Leon Fink, editor of Labor: Studies in Working-Class History of the Americas, wrote an op-ed in this weekend's News and Observer about Wisconsin's history of progressive economic reform in the early 20th Century and its relationship to the current events taking place there:
"It was a formula that soon made Wisconsin the envy of the nation on questions ranging from taxation to industrial relations to land use policy. All told, the Wisconsin Idea suggested that through a close working relationship among major stakeholders, as pioneer labor economist John R. Commons put it, "order, intelligence, care, and thought could be exercised by the state.
Even when Republican 'Stalwarts' took back the state from party 'Progressives' in 1914, they maintained the foundations of the Wisconsin Idea. Public employee bargaining, which did not come about until 1959, thus continued the spirit of accommodating conflicting interest groups through a formal dispute resolution process.
Alas, Gov. Scott Walker and today's Wisconsin Republicans have responded quite differently to the challenges of economic dislocation and fiscal crisis. Identifying the state's problem only as a matter of the budget gap (rather than a larger question of economic development), they refuse to countenance tax increases or reforms that might alleviate the fiscal squeeze. Instead, they have singled out one group of citizens - public sector employees - for sacrifice, not only determined to cut salaries and benefits but to strip them of long-established collective bargaining rights.

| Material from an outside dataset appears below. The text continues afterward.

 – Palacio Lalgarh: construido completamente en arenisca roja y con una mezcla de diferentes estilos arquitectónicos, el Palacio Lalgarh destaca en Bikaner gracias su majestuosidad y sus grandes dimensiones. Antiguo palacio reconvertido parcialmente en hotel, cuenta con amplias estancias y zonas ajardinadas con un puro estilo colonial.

Rather than engage the unions in multi-party negotiation or begin with a nonpartisan commission to assess alternative budget remedies - this, at a time when only a month ago, the legislature gave away enough money in tax breaks to nearly make up the state's deficit - they have acted in unilateral haste.

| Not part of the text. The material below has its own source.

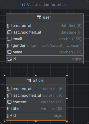 애플리케이션을 실행한 후 생성된 테이블을 살펴보면 user 테이블과 article 테이블에 created_at, last_modified_at이 생성된다.

As a result, today's Republicans have surely reaped the whirlwind. Not only union pride but a basic American sense of fairness bristles when one productive and hard-working sector of the population is made to "pay" for the sins of everyone else. Moreover, when a so-called "emergency" is manipulated for partisan and ideological use, state authorities threaten the very legitimacy of their own tenure in office.
Amid today's rancor and stalemate, with many classrooms as well as offices shuttered by civil discord, might it not serve all the state's representatives - beginning with the governor - to take time out for a family history lesson?"